There were a number of solutions proposed, of which these were the frontrunners:

  1. JSON object (described above): verbose and heavyweight, but easy to construct and consume, because if you're using the API, you know how to use JSON!
  2. Bitmask: similar to how we internally store format data on the back-end. Would basically look like a long numeric value like "3475892745870102". Each set of bits in the number would correspond to a format style (e.g. first bit might be 0 for normal and 1 for bold, bits 5 through 12 might represent the different foreground colors etc.). Compact, but somewhat painful to parse and assemble as it would require bitwise arithmetic to read and construct the value.
  3. Numeric index list: a list of numeric indexes into predefined lookup tables, with some optimizations to further reduce size (i.e. omitting an index value if it is unchanged from the default value). The format example from earlier in this post would look like this: "3,8,1,1,,,,,27,21,,,,,,", where the first index represents a value in the predefined font family lookup table, the second is a font size lookup table value, third is bold, fourth is italic, etc. Also compact; not as convenient to work with as a plain ol' JSON object, but less painful than a bitmask.

So the question to answer came down to the bandwidth savings between the proposed solutions. If size were no concern, we'd choose #1 because of its ease of use and consistency with the rest of the API. Similarly, #2 appeared to be the most difficult to work with, but we'd go with it if its size savings were significant enough over the other two. Our mobile devs could deal with it, and we'd hopefully hide the ugliness from external developers with our upcoming SDKs. #3 seemed to be a happy medium: compact, yet still somewhat human-readable.

(As an aside, you may be wondering why simply using gzip compression wouldn't solve our problem. The answer is that we were already using gzip, but the mobile clients still have to either keep all those bulky JSON objects in memory and/or parse all of them, neither of which is cheap. Also, as you'll see below, the benchmarks still showed significant savings for the compact formats over gzipped JSON.)

The Contestants Duke It Out

I coded up quick and dirty versions of the options and started collecting my benchmark data using some test sheets with differing amounts of data and formatting that I put together. Here were the results of getting a sheet using a heavily formatted large sheet (25 columns, 2000 rows, every cell formatted, 100 different unique styles):

Format Data Raw Size (in MB) Gzipped Size (in MB)
No formatting included 8.5 1.7
JSON 24.5 2.7
Bitmask 10.2 2.1
Index list 10.7 2.1

As expected, the JSON approach bloated the payload size by a significant amount, nearly tripling the raw size of the unformatted sheet's JSON. But the most interesting thing to note was that the bitmask and index list options resulted in pretty similar payload sizes. This might seem counterintuitive to a developer; a single number being roughly the same size as an array of numbers? But it makes perfect sense when you remember that we're not transferring raw data structures over the wire, we're transferring string representations of those data structures (i.e. JSON). As a string, the number "123456" is the same size as the comma-separated list of smaller numbers "12,3,4".

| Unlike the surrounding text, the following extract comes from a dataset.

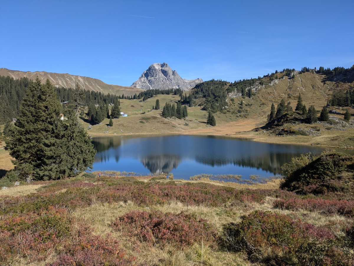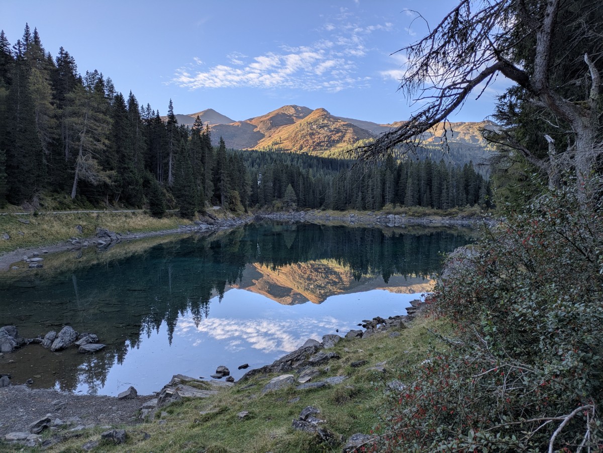 ruhigen Morgenstunde klar vor uns und spiegelt die Gipfel, die wir gut aus dem Winter kennen.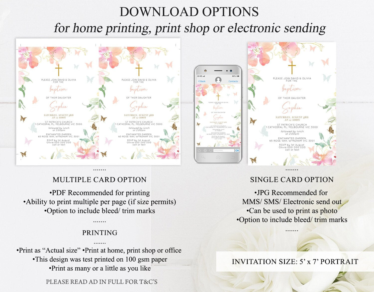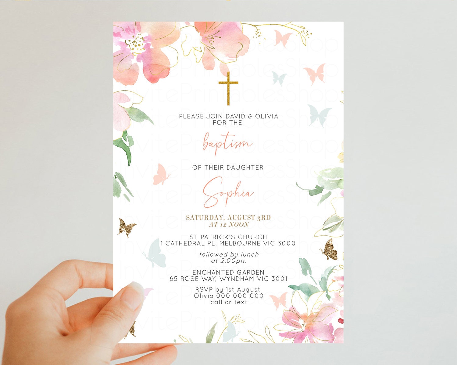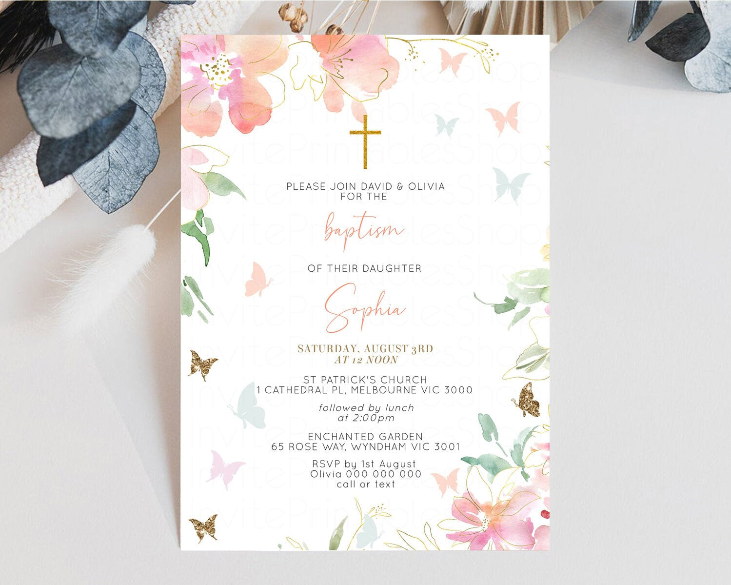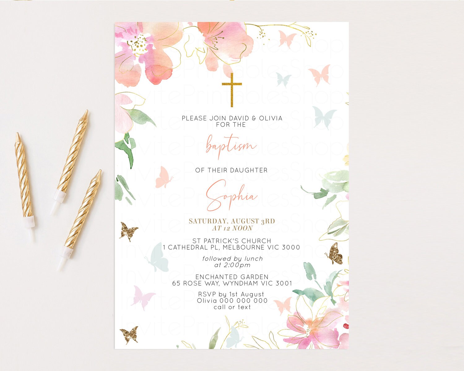 Secret Garden Baptism Invitation Floral Garden Christening Invite Enchanted Forest Invite Whimsical Floral Invite Botanical Pastel Pink 91

In my opinion, this was the clincher. I may be hurting my developer cred by admitting this, but I hate doing bitwise math. I dislike working with numbers that I can't read without the help of a binary calculator. Left and right shifting bits and applying XOR's hurt my poor base-10-centric head. I think I'm not alone. I think all things being equal, given the choice between a list of integers that are indexes into lookup tables, or a bitmask with pages of documentation describing what bits 1 through 4 and 5 through 14 represent, etc., most developers (the non-masochists) would choose the former.

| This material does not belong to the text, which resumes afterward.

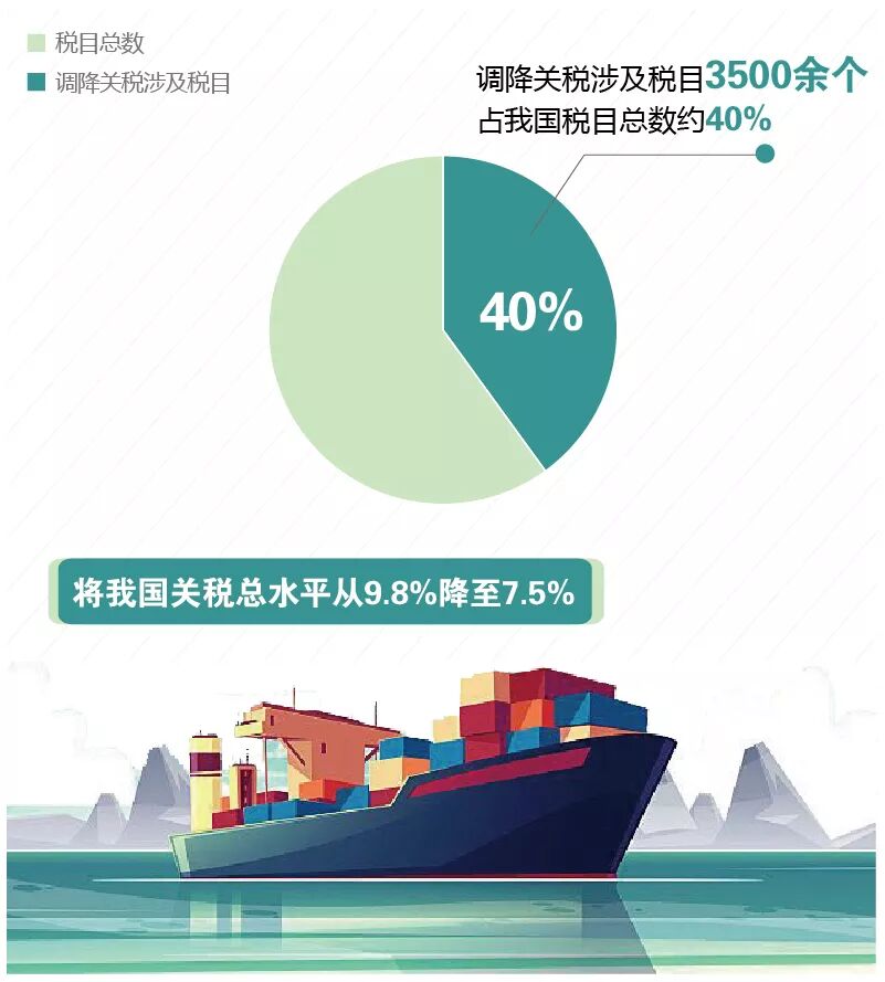 在坚定不移扩大开放、实施更加积极主动开放战略的宏观政策形势下,2018年我国对进出口环节税进行了多轮下调,调降关税涉及税目3500余个,占我国税目总数约40%,将我国关税总水平从9.8%降至7.5%。

I ran numbers on a few more sheets of differing size and formatting, and they provided similar results: bitmask was the most compact, followed closely by index list. I reported the results to the group.

Tribal Council: A Survivor Is Named

It took a long email thread and some further debates about other details of the implementation, but we eventually did settle on the index list option. It provided the best tradeoff between size and ease of use. As a developer convenience, we decided to provide all of the format lookup tables through a new API operation (GET /serverinfo), (a) to save developers the trouble of having to hand code them from documentation, and (b) to ensure that developers always have the most up-to-date tables (not that we intend to be changing them often).

After all that, I finally got down to writing the darned code! It proved smoother sailing than the design phase, and the fruits of my labor went out the door with the recent Smartsheet release. You can find more on formatting and the new server information resource in the API Documentation. I hope you find it useful!

- Kevin